Andrea Taylor Langworthy was a rebel — one with many causes.

As the Twin Cities’ first full-time car saleswoman, she saw herself as a torchbearer for all women, her family said.

Langworthy, who later became a weekly columnist for the Rosemount Town Pages, died on June 5 at age 67 due to complications from inclusion-body myositis, a terminal muscle disease.

Langworthy, born in Minneapolis in 1947, was never one to accept the status quo, particularly for women. She was kicked out of every boarding school she attended as a teenager before graduating from Villa Maria Academy in 1965, her daughter Sarah Ploeger said with a laugh, “She was a rebel, but not a naughty rebel.”

She married her first husband, Philip Huch, at 19 and had two children, Sarah and Matthew. Looking for work in 1976, Langworthy answered an advertisement in the paper for a car sales position at Harold Chevrolet in Bloomington.

“I don’t think she ever thought that it wouldn’t happen,” Ploeger said. “Someone else would have doubted that they would hire a woman, but she just assumed she would be hired.”

Her tenacity and boldness proved essential in the male-dominated car industry. She was sexually harassed and criticized as she fought to gain a foothold in her job, her granddaughter Mandi Stebbins said.

“No one really believed in her. Her clients didn’t take her seriously,” Stebbins said. “She had to work 10 times harder to get a sale, but once she did, her customers became much more loyal to her than anyone. They would keep coming back to her because they trusted her.”

The car dealership, recognizing the asset their trailblazing saleswoman was, leveraged the novelty of Langworthy by running a print ad bearing her smiling image, trumpeting “Equal Rights at Harold Chevrolet.” In the photo, Langworthy’s hands-on-hips stance challenges anyone who might question her competency or willpower.

At times, Langworthy seemed to be a living paradox: An intense woman who approached every undertaking with ferocity, but also a loyal and loving woman who lavished kindness on her family and her ever-widening circle of friends.

“She was an advocate for everyone she came in contact with,” Ploeger said. “If you ask any one of her friends, they would tell you that she was the one person they could always count on.”
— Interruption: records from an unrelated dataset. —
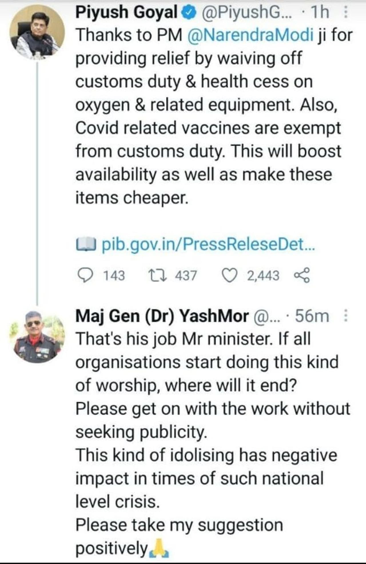 ಆದರೆ ಇದಕ್ಕೆ ಒಳ್ಳೆಯ ರೀತಿಯಲ್ಲಿ ಪ್ರತಿಕ್ರಿಯೆ ನೀಡಿದ ಮೇಜರ್ ಜನರಲ್ ಡಾ. ಯಶ್ ಮೋರ್, ಇದು ಅವರ ಕರ್ತವ್ಯ ಮಿಸ್ಟರ್ ಮಿನಿಸ್ಟರ್, ಎಲ್ಲ ಸಂಸ್ಥೆಗಳು ಈ ರೀತಿ ಹೊಗಳುವುದು, ಪೂಜೆ ಮಾಡುವುದನ್ನು ಆರಂಭಿಸಿದರೆ ಇದಕ್ಕೊಂದು ಅಂತ್ಯ ಇದೆಯೇ? ಪ್ರಚಾರವನ್ನು ಬದಿಗಿಟ್ಟು ಕೆಲಸದಲ್ಲಿ ತೊಡಗಿಕೊಳ್ಳಿ. ಈ ರೀತಿ ವ್ಯಕ್ತಿ ಹೊಗಳಿಕೆ ನೆಗೆಟಿವ್ ಪರಿಣಾಮ ಉಂಟುಮಾಡಬಲ್ಲದು. ದೇಶವೇ ವಿಪತ್ತು ಎದುರಿಸುತ್ತಿರುವಾಗ ಇದೆಲ್ಲ ಬೇಡ.. ದಯವಿಟ್ಟು ನನ್ನ ಸಲಹೆಯನ್ನು ಸಕಾರಾತ್ಮಕವಾಗಿ ತೆಗೆದುಕೊಳ್ಳಿ, ಎಂದು ಸಲಹೆ ಕೊಟ್ಟಿದ್ದಾರೆ.
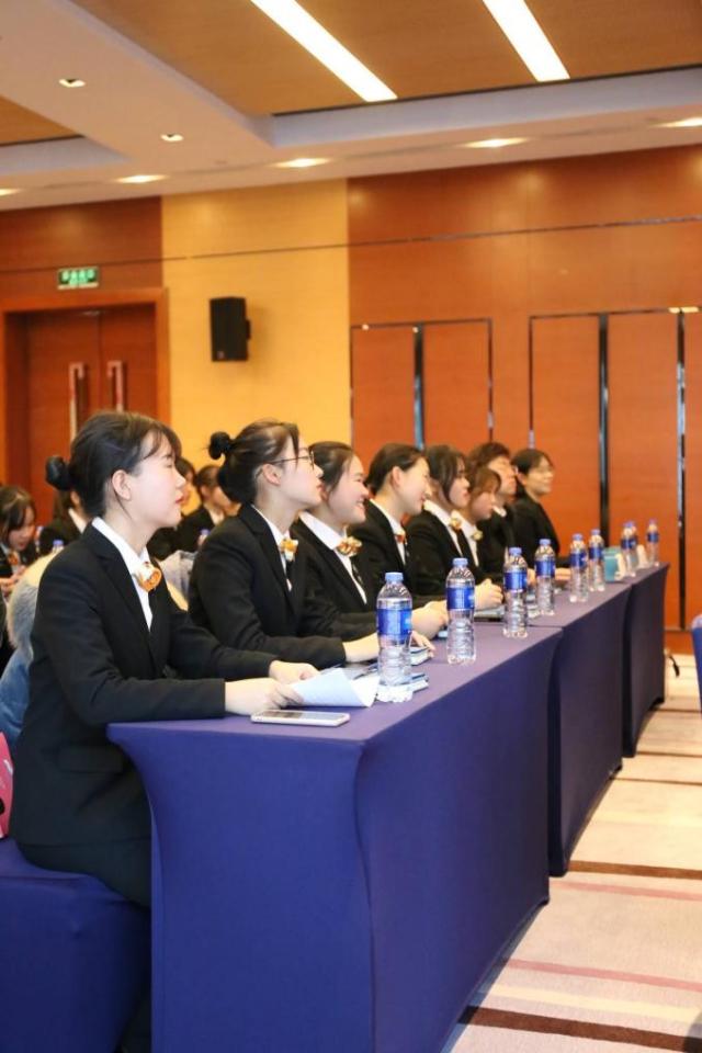 2019年12月4日在南京玄武苏宁诺富特酒店莱茵河厅举办了2019级诺富特精英班开班仪式,出席本次活动的有南京旅游职业学院旅游外语学院院长邵华女士,南京旅游职业学院旅游外语学院副院长褚琴女士,南京旅游职业学院旅游外语学院党总支副书记杜文文先生,南京旅游职业学院旅游外语学院日语专业负责人吕晋女士,南京旅游职业学院旅游外语学院应用韩语专业负责人杨婷婷女士,苏宁集团酒店管理公司领导酒店行政助理经理王子翔,酒店财务总监蒋平,南京玄武苏宁诺富特酒店总经理刘雯女士,南京玄武苏宁诺富特酒店人才与文化部经理朱宁女士。 开班仪式正式开始后,由南京玄武苏宁诺富特酒店总经理刘雯女士发表致辞,她表示希望校企合作给双方带来深远的影响。刘雯女士希望诺富特精英班的开设带来校企合作的新纪元,带来酒店、学校、学生三赢。
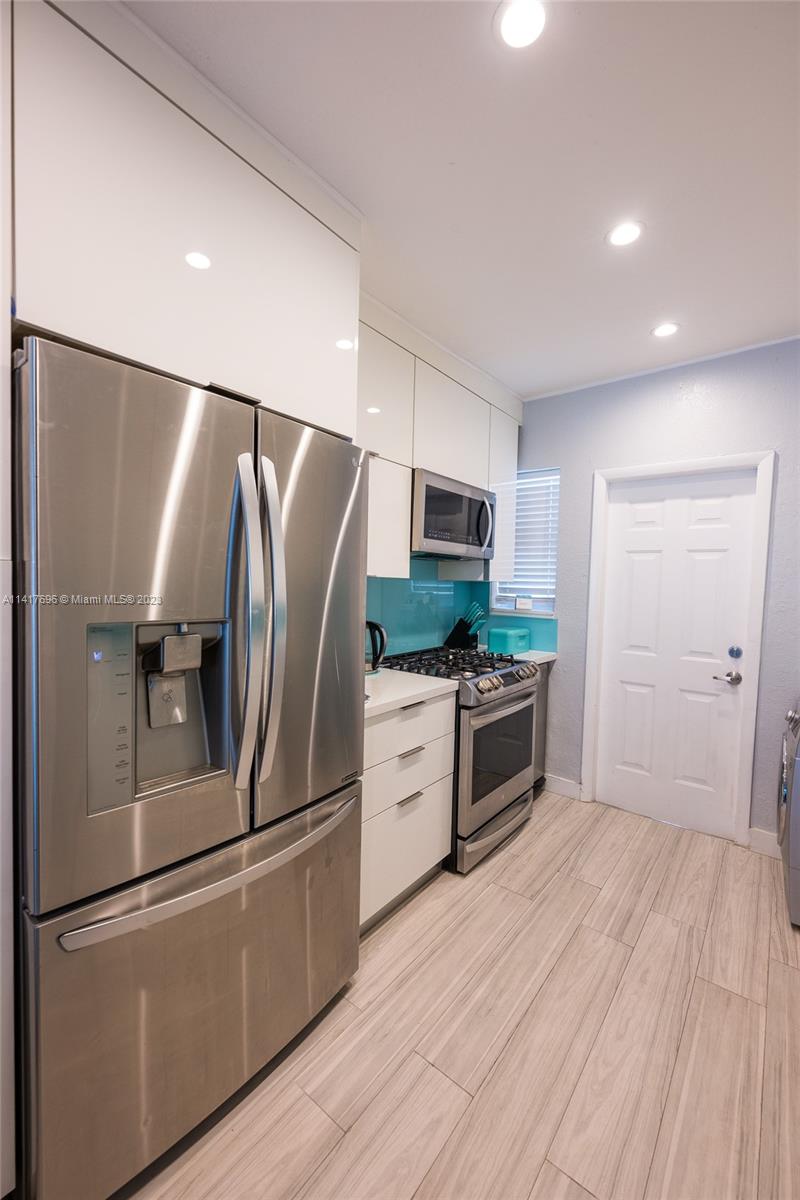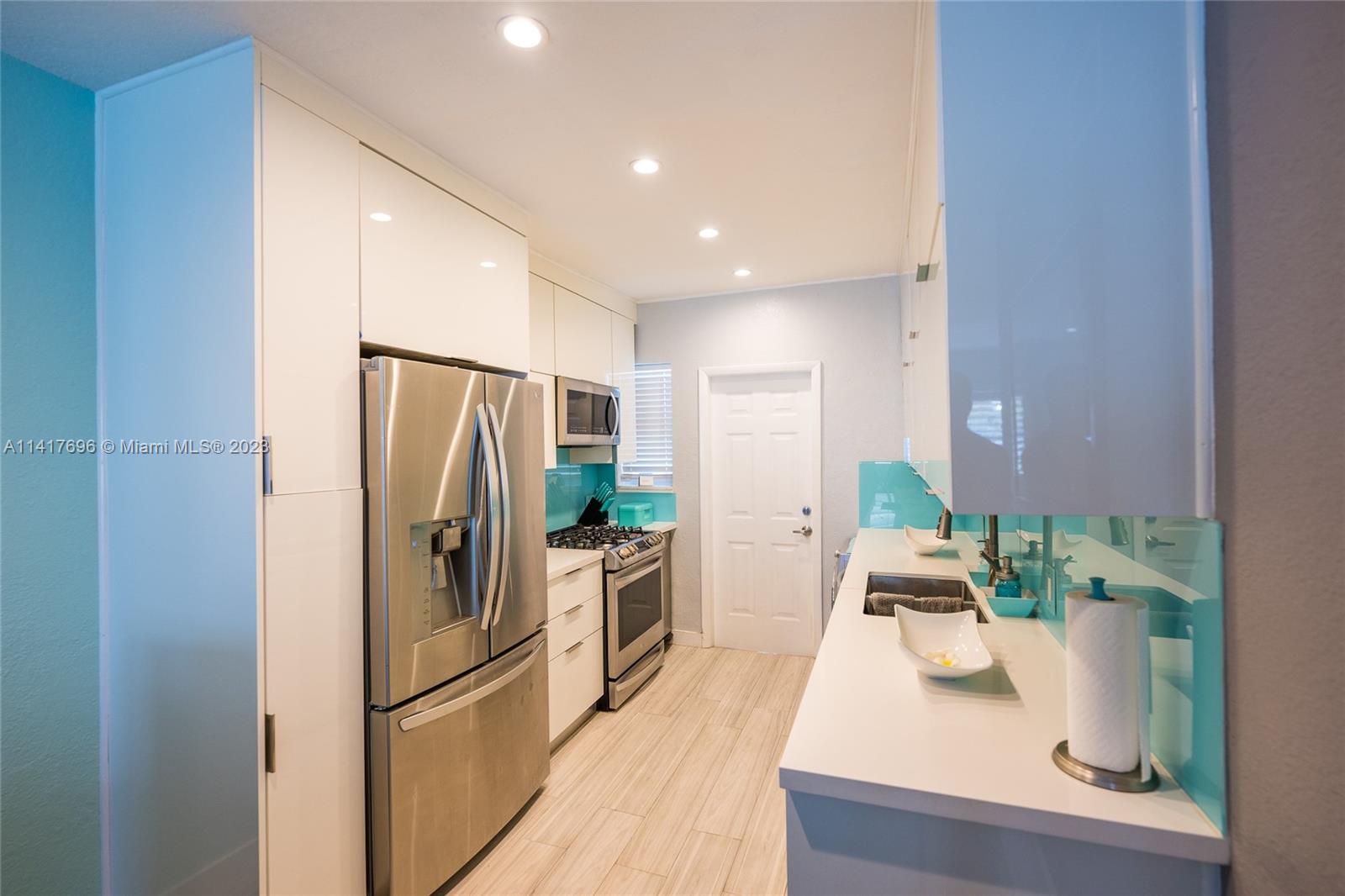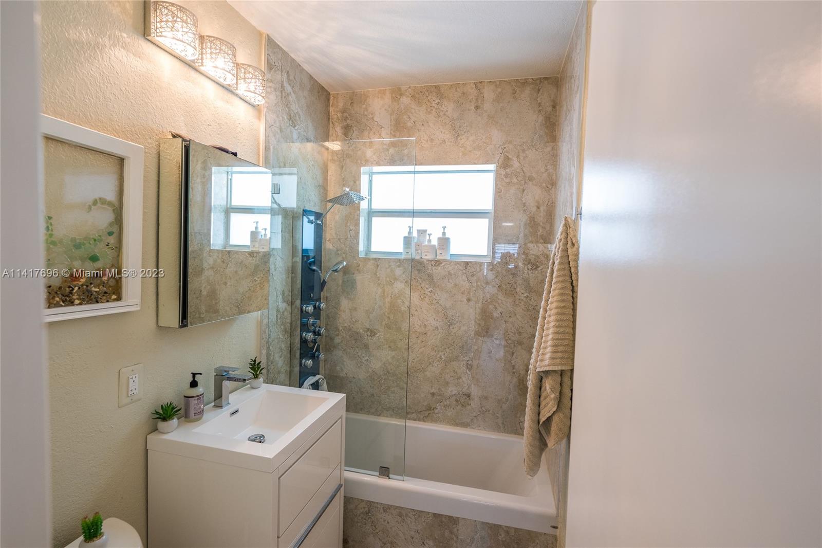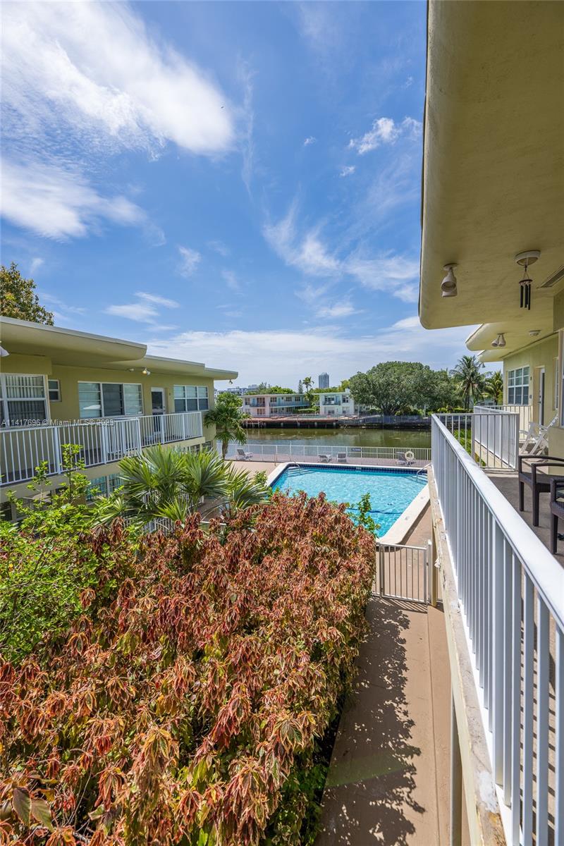 Waterfront corner unit in a 2-storey art deco building for sale in a quiet Normandy Isle neighborhood. This 2 bedroom, 2 bath condo is completely updated with state-of-the-art kitchen and LG appliances, including washer/dryer. Both bathrooms are modern with Shower Panel Tower Systems and rainfall shower heads, and bedrooms are large with plenty of storage room and built-in wall units. The condo has a Spanish porcelain tile floor and white Florida shutters throughout, and the courtyard features a pool, BBQ area and a deck with loungers. Shops, restaurants and churches are within a 7-minute walk and the beach is a 15-minute walk away.
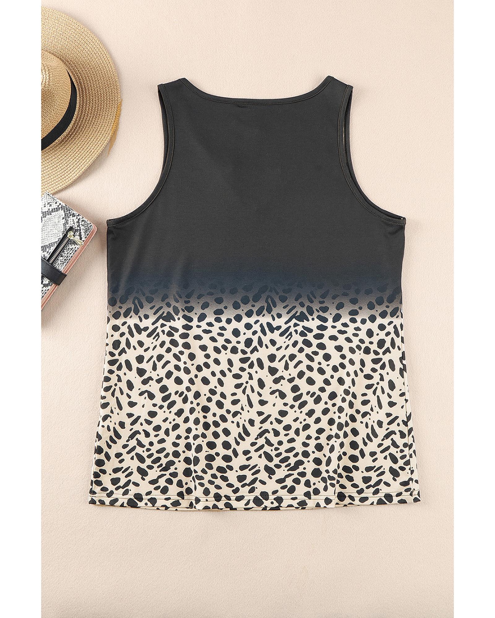 • Stylish and trendy Gradient Leopard Split Neck Tank Top
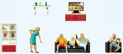 Preiser 10649 HO Scale Family Watching TV -- 5 Figures & Living Room Furniture
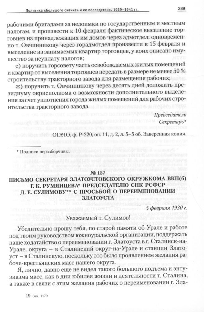 Письмо секретаря Златоустовского окружкома ВКП(б) Г. К. Румянцева председателю СНК РСФСР Д. Е. Сулимову с просьбой о переименовании Златоуста, 5 февраля 1930 г. // ОГАЧО, Ф. П-317, Оп. 1, Д. 340, Л. 51. Копия.
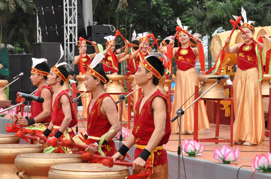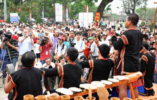 (VOVworld) - The first international drum and percussion instrument festival opened on 10th April as part of the ongoing 2012 Hue festival in the imperial city of Hue. Audience were entertained with magnificent performances by bronze and royal drummers, the Tay Son drum group and players of Tay Nguyen (Central Highlands) gongs.
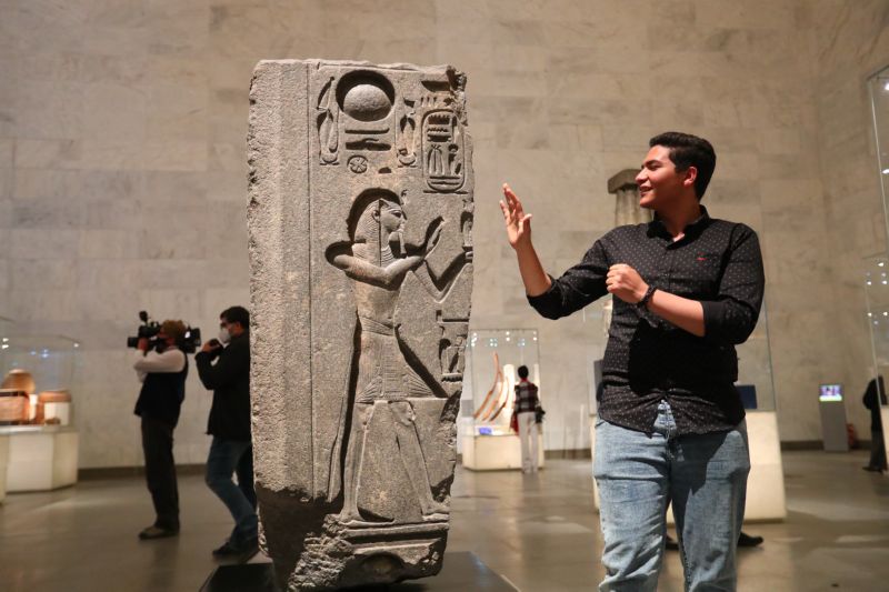 ▲4月4日,在位于埃及首都开罗的埃及文明博物馆,参观者和一座石碑雕刻合影。
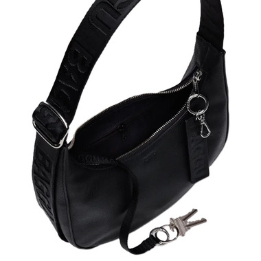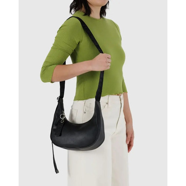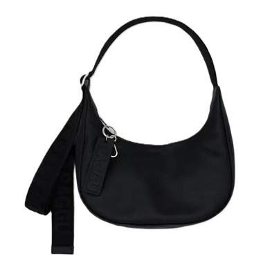 BAGGU's smaller crescent shape in recycled leather. Elevated, durable, and designed to fit the essentials. Features an interior zip pocket and thoughtful additions like a key leash and debossed keychain.

Her holiday card list had more than 1,000 names on it, Stebbins said, and she would hand-write notes to all of them.

“She always put others first” and was constantly staying in touch her children and grandchildren, said son Matthew, who spoke with her on the phone daily.

Diagnosed with myositis at 55, she continued to work selling cars until the disease was too debilitating.

With ever-decreasing mobility, Langworthy turned her attention to another lifelong interest: writing. After taking creative writing classes at Normandale Community College, she entered a writing contest and was shocked when she was announced as the winner.

“She won $5,000 and was over the moon,” Ploeger said.

Her first column in the Rosemount Town Pages was published May 21, 2004, and it appeared every week after — even the week she died. With a small dose of snark, Langworthy wrote about everyday life, growing up, hard relationships, obscure thoughts, aging and disease. Her granddaughter cherishes a large manila envelope now full of napkins that Langworthy scribbled new column ideas on whenever inspiration struck.

As the sickness overtook her muscles, Langworthy did “hand exercises incessantly so she could keep up her writing,” Stebbins said. Through it all, she kept reading books and the newspaper every day, calling friends and family with tidbits of “did you know” information.

She and her husband, John Langworthy, whom she married in 1989, devoted time to a support group for people struggling with her same disease called KIT (Keep in Touch).

“She had this really high value in community,” Stebbins said. “She wanted to make an impact on the world.”

She is survived by husband John; children Sarah Ploeger and Matthew Huch; stepson Chad Langworthy; her first husband, Phil Huch; and six grandchildren. A private memorial is planned. Memorials should be sent to the Myositis Association.